## [Data shown]
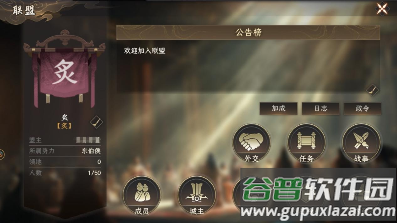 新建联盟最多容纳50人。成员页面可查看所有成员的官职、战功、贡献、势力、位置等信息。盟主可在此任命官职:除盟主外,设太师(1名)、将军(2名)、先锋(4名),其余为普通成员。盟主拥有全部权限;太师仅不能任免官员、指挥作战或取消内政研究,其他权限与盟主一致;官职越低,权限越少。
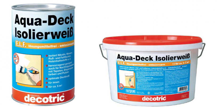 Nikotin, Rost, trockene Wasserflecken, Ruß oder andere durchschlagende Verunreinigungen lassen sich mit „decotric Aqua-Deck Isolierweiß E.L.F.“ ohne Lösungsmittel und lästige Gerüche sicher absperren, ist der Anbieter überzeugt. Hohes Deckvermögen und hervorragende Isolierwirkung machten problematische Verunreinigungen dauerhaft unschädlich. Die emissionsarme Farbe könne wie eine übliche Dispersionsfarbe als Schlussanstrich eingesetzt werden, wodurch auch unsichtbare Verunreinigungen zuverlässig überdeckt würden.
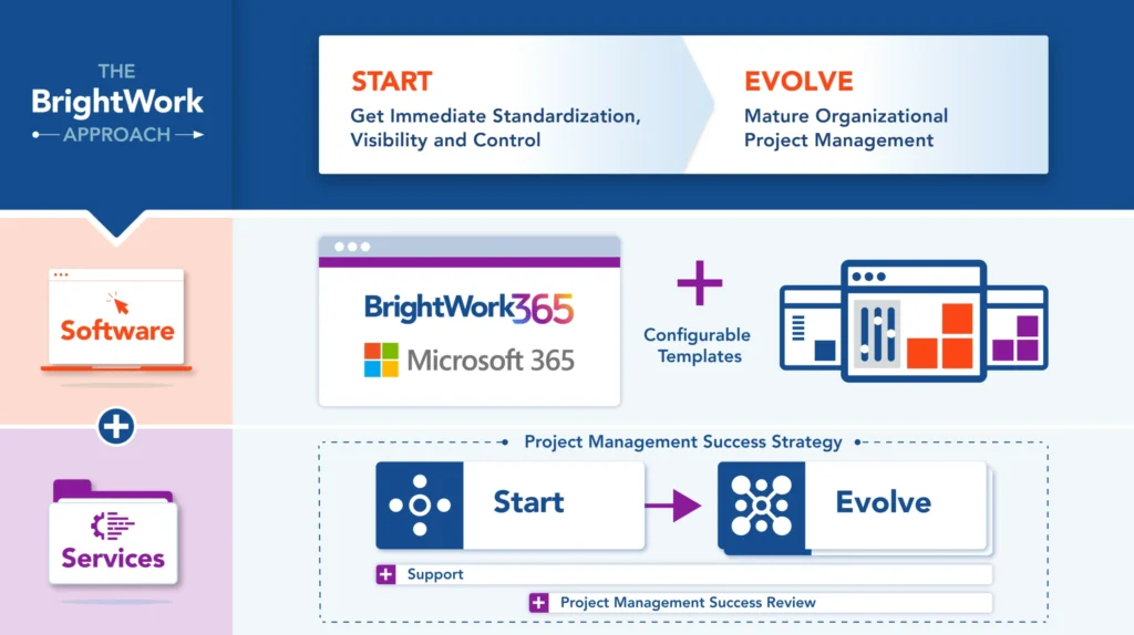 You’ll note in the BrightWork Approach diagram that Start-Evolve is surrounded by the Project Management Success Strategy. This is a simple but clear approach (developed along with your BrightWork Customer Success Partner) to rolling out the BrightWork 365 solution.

## [Problem statement]
Only the pictures are dropped when you print the material; everything else is copied exactly.

## [Solution to this task]
 新建联盟最多容纳50人。成员页面可查看所有成员的官职、战功、贡献、势力、位置等信息。盟主可在此任命官职:除盟主外,设太师(1名)、将军(2名)、先锋(4名),其余为普通成员。盟主拥有全部权限;太师仅不能任免官员、指挥作战或取消内政研究,其他权限与盟主一致;官职越低,权限越少。
 Nikotin, Rost, trockene Wasserflecken, Ruß oder andere durchschlagende Verunreinigungen lassen sich mit „decotric Aqua-Deck Isolierweiß E.L.F.“ ohne Lösungsmittel und lästige Gerüche sicher absperren, ist der Anbieter überzeugt. Hohes Deckvermögen und hervorragende Isolierwirkung machten problematische Verunreinigungen dauerhaft unschädlich. Die emissionsarme Farbe könne wie eine übliche Dispersionsfarbe als Schlussanstrich eingesetzt werden, wodurch auch unsichtbare Verunreinigungen zuverlässig überdeckt würden.
 You’ll note in the BrightWork Approach diagram that Start-Evolve is surrounded by the Project Management Success Strategy. This is a simple but clear approach (developed along with your BrightWork Customer Success Partner) to rolling out the BrightWork 365 solution.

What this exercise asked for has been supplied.